While the deployment came as part of a crackdown threatened by Trump, in response to unsubstantiated claims that big cities run by Democrats are overwhelmed with crime, the stated mission says military will be “performing ground activities to protect federal functions, personnel, and property”.

It marks Trump’s fourth deployment of national guard troops on to the streets of a major US city in as many months, following deployments in Los Angeles, Washington DC and Memphis. In all cases except Memphis, it happened against the wishes of state and city leaders.

Trump repeatedly has described Chicago in hostile terms, calling it a “hellhole” of crime, although police statistics show significant drops in most crimes, including homicides.

A judge will also have a role in determining how many boots are on the streets: a court hearing will be held on Thursday on a request by Illinois and Chicago to declare the guard deployment illegal. Elsewhere, an appeals court has scheduled a hearing the same day over the government’s desire to send the guard to Portland, Oregon. A judge blocked that effort over the weekend.

The nearly 150-year-old Posse Comitatus Act limits the military’s role in enforcing domestic laws. However, Trump has said he would be willing to invoke the Insurrection Act, which allows a president to dispatch active duty military in states that are unable to put down an insurrection or are defying federal law.

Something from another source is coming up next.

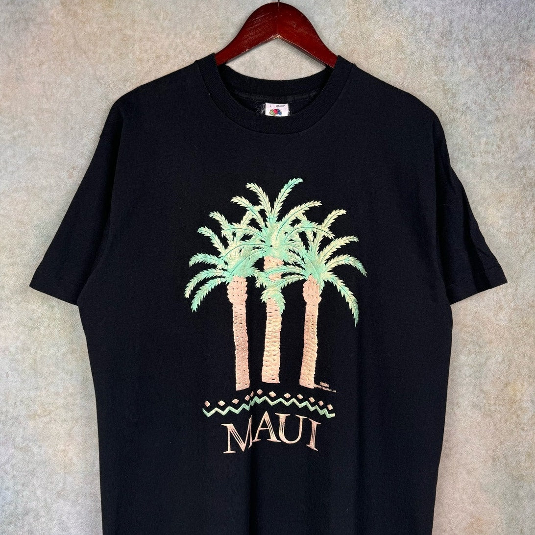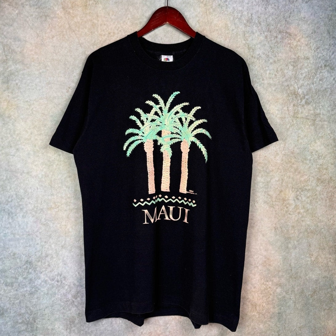 Back Puff Print 90s USA Made Maui Hawaii Palm Tree Tee Single Stitch
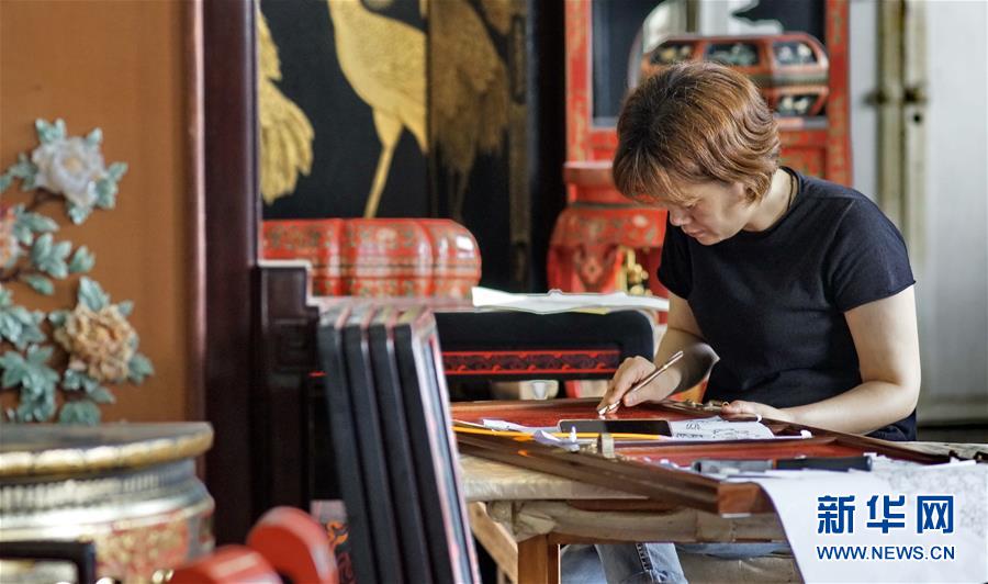 北京金漆鑲嵌有限責(zé)任公司技師在創(chuàng)作漆畫(huà)(10月31日攝)。新華社記者李欣攝

“This is about authoritarianism. It’s about stoking fear,” Chicago’s mayor, Brandon Johnson, said. “It’s about breaking the constitution that would give him that much more control over our American cities.”

Trump, meanwhile, sent barbs from Washington, saying on social media that Pritzker and Johnson, both Democrats, “should be in jail” for failing to protect federal agents during immigration enforcement crackdowns.

Asked about Trump’s wish to jail him, Pritzker in downtown Chicago extended his arms and told MSNBC: “If you come for my people, you come through me. So come and get me.”

Meanwhile, in Memphis, Tennessee, a small group of troops were helping on Wednesday with the Memphis Safe Task Force, said a state military department spokesperson who did not specify the exact role or number of the guard members. The taskforce is a collection of about a dozen federal law enforcement agencies ordered by Donald Trump to fight crime.

Tennessee’s Republican governor, Bill Lee, who has welcomed the guard, has said previously that he would not expect more than 150 guard members to be sent to the city.